• The task: Before returning the data, strip out the pictures and keep everything else exactly the same.

• Supplied information:

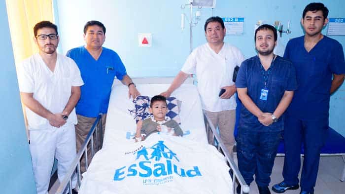 Gracias a un moderno procedimiento quirúrgico, médicos especialistas del Servicio de Urología del Hospital de Alta Complejidad Virgen de la Puerta de EsSalud La Libertad lograron salvar a niño de 6 años de edad, quien sufría de cálculos en el uréter izquierdo, logrando retirarlos por completo de su anatomía, fue una nueva proeza médica al realizar una compleja operación, informó el doctor José Luis Carranza Castillo, Gerente de esta institución.
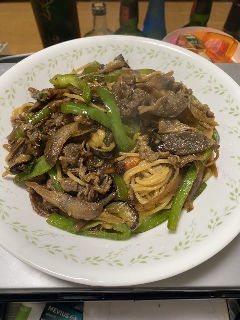牛バラ ごぼう にんじん なす ピーマン 豆麺
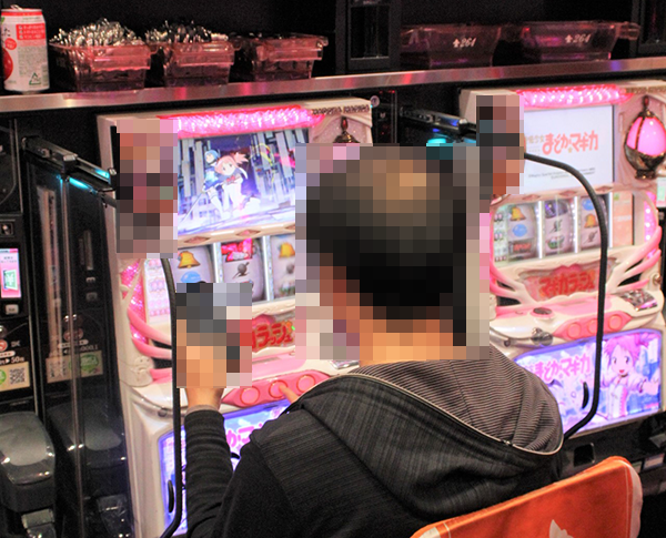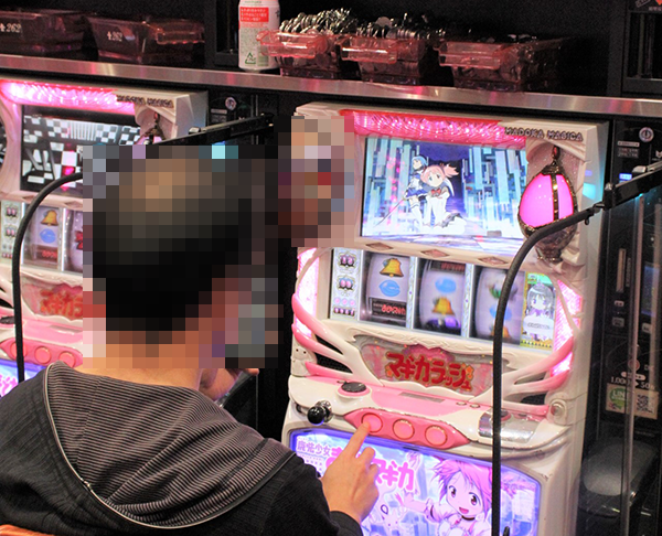さまざまなスペックの機種が支持されているホール内には、遊技を満喫するといったプレイヤーが多かった。なかでもうれしそうな姿が目立っていたのは「SLOT魔法少女まどか☆マギカ」だ。
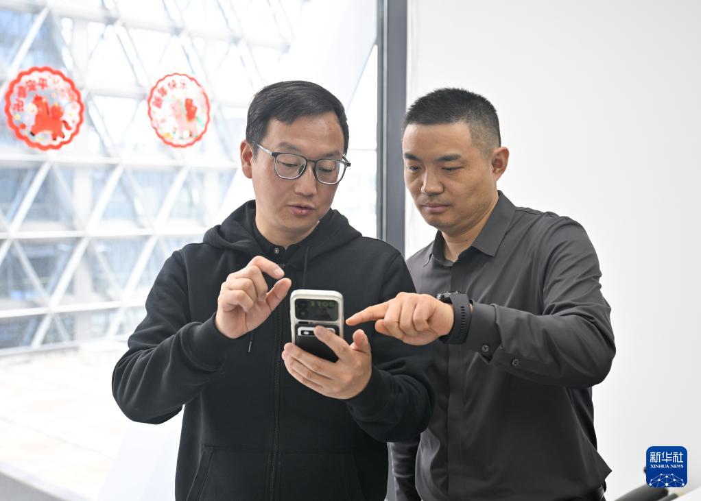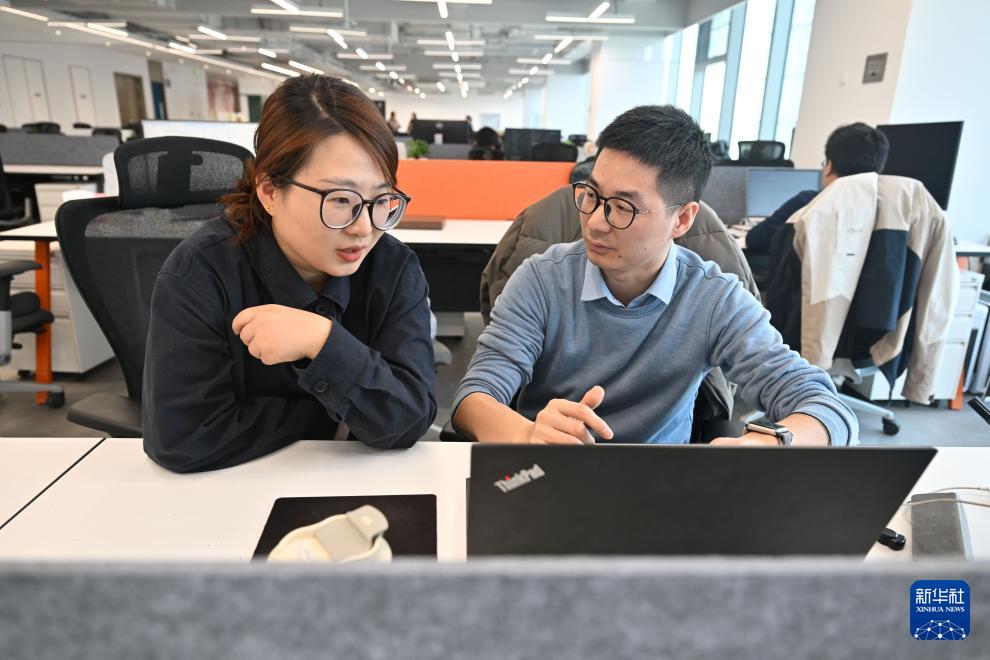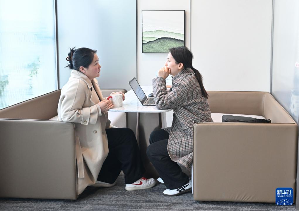 3月11日,在位于中國(南京)軟件谷的 “質能·工坊”O(jiān)PC 社區(qū),南京棋盤石智能科技有限公司創(chuàng)始人王磊(右)和隔壁辦公室的創(chuàng)業(yè)者討論合作項目。

• Finished exercise:
 Gracias a un moderno procedimiento quirúrgico, médicos especialistas del Servicio de Urología del Hospital de Alta Complejidad Virgen de la Puerta de EsSalud La Libertad lograron salvar a niño de 6 años de edad, quien sufría de cálculos en el uréter izquierdo, logrando retirarlos por completo de su anatomía, fue una nueva proeza médica al realizar una compleja operación, informó el doctor José Luis Carranza Castillo, Gerente de esta institución.
牛バラ ごぼう にんじん なす ピーマン 豆麺
さまざまなスペックの機種が支持されているホール内には、遊技を満喫するといったプレイヤーが多かった。なかでもうれしそうな姿が目立っていたのは「SLOT魔法少女まどか☆マギカ」だ。
 3月11日,在位于中國(南京)軟件谷的 “質能·工坊”O(jiān)PC 社區(qū),南京棋盤石智能科技有限公司創(chuàng)始人王磊(右)和隔壁辦公室的創(chuàng)業(yè)者討論合作項目。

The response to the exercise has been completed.